Extracted data entries:
***
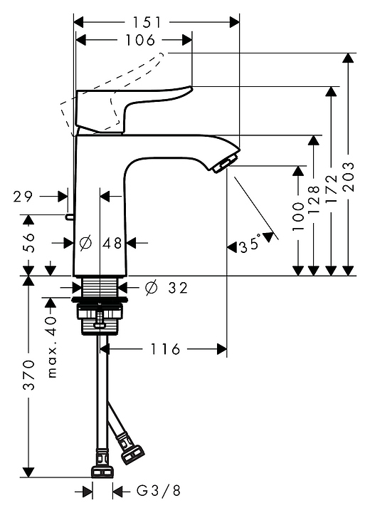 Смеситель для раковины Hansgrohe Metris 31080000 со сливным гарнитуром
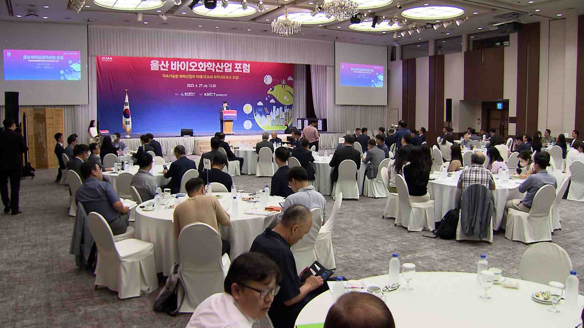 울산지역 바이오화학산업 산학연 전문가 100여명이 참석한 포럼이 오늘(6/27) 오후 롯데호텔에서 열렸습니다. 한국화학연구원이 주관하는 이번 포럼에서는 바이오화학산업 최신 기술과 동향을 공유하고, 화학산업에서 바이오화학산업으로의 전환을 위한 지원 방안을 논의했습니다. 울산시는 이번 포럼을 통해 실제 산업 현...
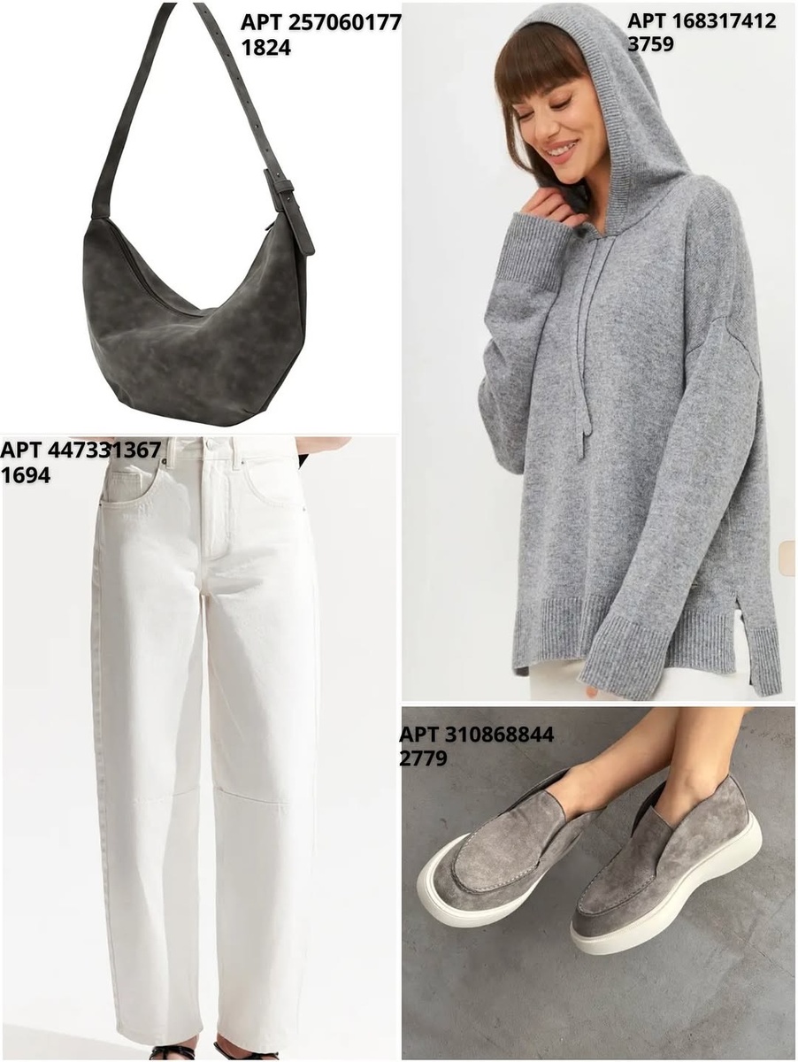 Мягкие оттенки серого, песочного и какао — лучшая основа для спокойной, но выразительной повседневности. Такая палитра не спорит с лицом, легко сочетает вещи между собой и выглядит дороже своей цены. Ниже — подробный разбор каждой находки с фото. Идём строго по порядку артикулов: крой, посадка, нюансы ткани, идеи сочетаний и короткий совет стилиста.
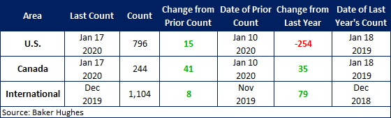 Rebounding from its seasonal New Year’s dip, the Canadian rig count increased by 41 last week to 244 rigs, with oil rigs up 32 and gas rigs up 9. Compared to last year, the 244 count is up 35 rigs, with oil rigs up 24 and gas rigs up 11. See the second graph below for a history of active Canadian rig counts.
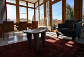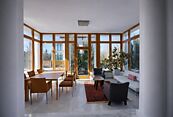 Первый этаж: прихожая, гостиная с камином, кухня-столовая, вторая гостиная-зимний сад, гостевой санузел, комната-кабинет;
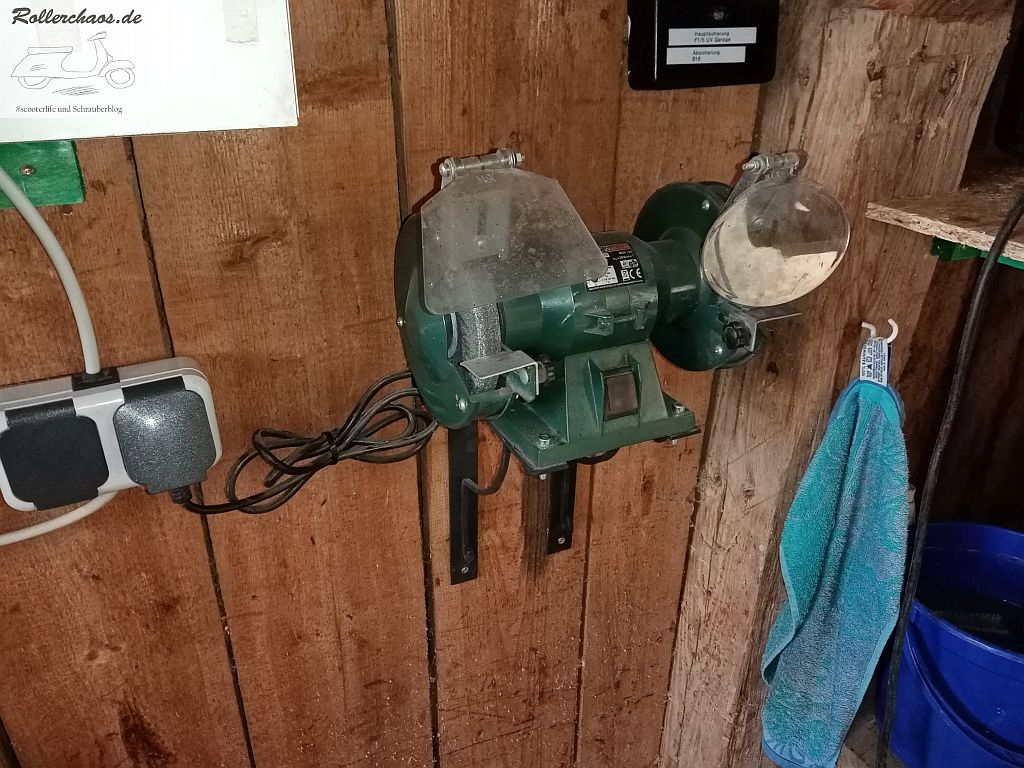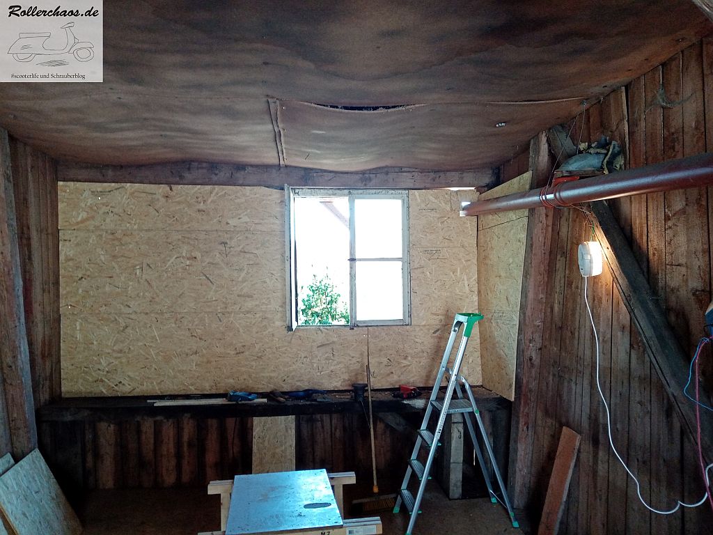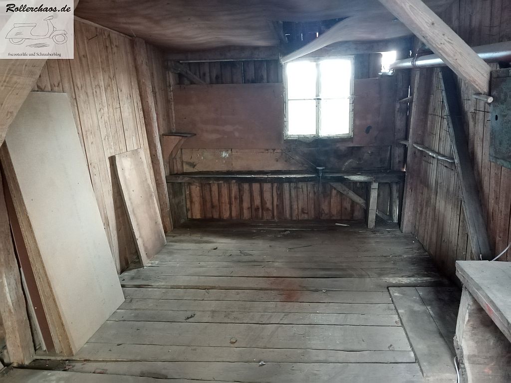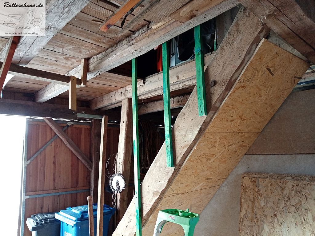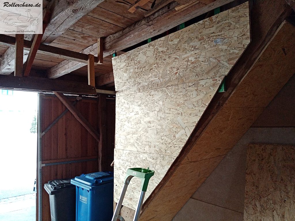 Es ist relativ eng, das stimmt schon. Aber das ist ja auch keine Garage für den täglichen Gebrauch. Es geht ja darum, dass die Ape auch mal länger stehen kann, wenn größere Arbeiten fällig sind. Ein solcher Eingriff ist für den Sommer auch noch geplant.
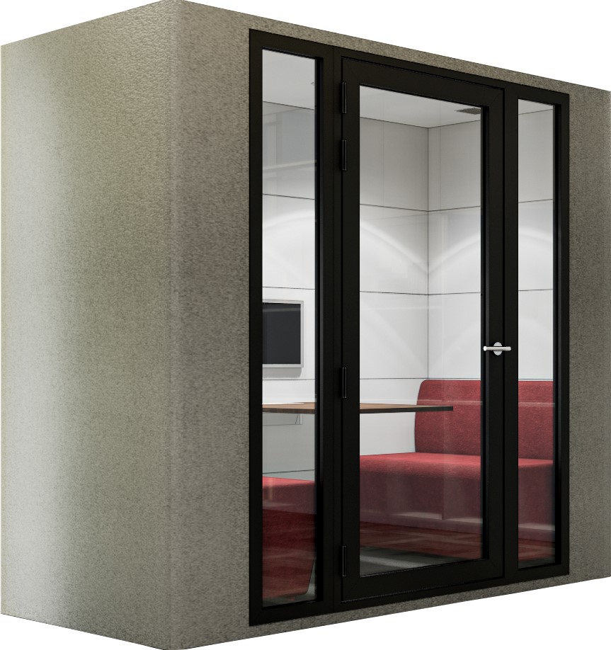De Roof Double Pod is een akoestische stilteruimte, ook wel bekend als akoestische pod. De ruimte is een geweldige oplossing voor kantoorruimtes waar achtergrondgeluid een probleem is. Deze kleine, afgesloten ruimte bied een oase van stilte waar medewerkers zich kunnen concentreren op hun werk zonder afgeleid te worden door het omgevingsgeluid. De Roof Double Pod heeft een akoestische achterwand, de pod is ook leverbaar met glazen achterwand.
***
_Problem description_: Print every entry above verbatim but drop the images.

_Solution below_:
 Смеситель для раковины Hansgrohe Metris 31080000 со сливным гарнитуром
 울산지역 바이오화학산업 산학연 전문가 100여명이 참석한 포럼이 오늘(6/27) 오후 롯데호텔에서 열렸습니다. 한국화학연구원이 주관하는 이번 포럼에서는 바이오화학산업 최신 기술과 동향을 공유하고, 화학산업에서 바이오화학산업으로의 전환을 위한 지원 방안을 논의했습니다. 울산시는 이번 포럼을 통해 실제 산업 현...
 Мягкие оттенки серого, песочного и какао — лучшая основа для спокойной, но выразительной повседневности. Такая палитра не спорит с лицом, легко сочетает вещи между собой и выглядит дороже своей цены. Ниже — подробный разбор каждой находки с фото. Идём строго по порядку артикулов: крой, посадка, нюансы ткани, идеи сочетаний и короткий совет стилиста.
 Rebounding from its seasonal New Year’s dip, the Canadian rig count increased by 41 last week to 244 rigs, with oil rigs up 32 and gas rigs up 9. Compared to last year, the 244 count is up 35 rigs, with oil rigs up 24 and gas rigs up 11. See the second graph below for a history of active Canadian rig counts.
 Первый этаж: прихожая, гостиная с камином, кухня-столовая, вторая гостиная-зимний сад, гостевой санузел, комната-кабинет;
 Es ist relativ eng, das stimmt schon. Aber das ist ja auch keine Garage für den täglichen Gebrauch. Es geht ja darum, dass die Ape auch mal länger stehen kann, wenn größere Arbeiten fällig sind. Ein solcher Eingriff ist für den Sommer auch noch geplant.
De Roof Double Pod is een akoestische stilteruimte, ook wel bekend als akoestische pod. De ruimte is een geweldige oplossing voor kantoorruimtes waar achtergrondgeluid een probleem is. Deze kleine, afgesloten ruimte bied een oase van stilte waar medewerkers zich kunnen concentreren op hun werk zonder afgeleid te worden door het omgevingsgeluid. De Roof Double Pod heeft een akoestische achterwand, de pod is ook leverbaar met glazen achterwand.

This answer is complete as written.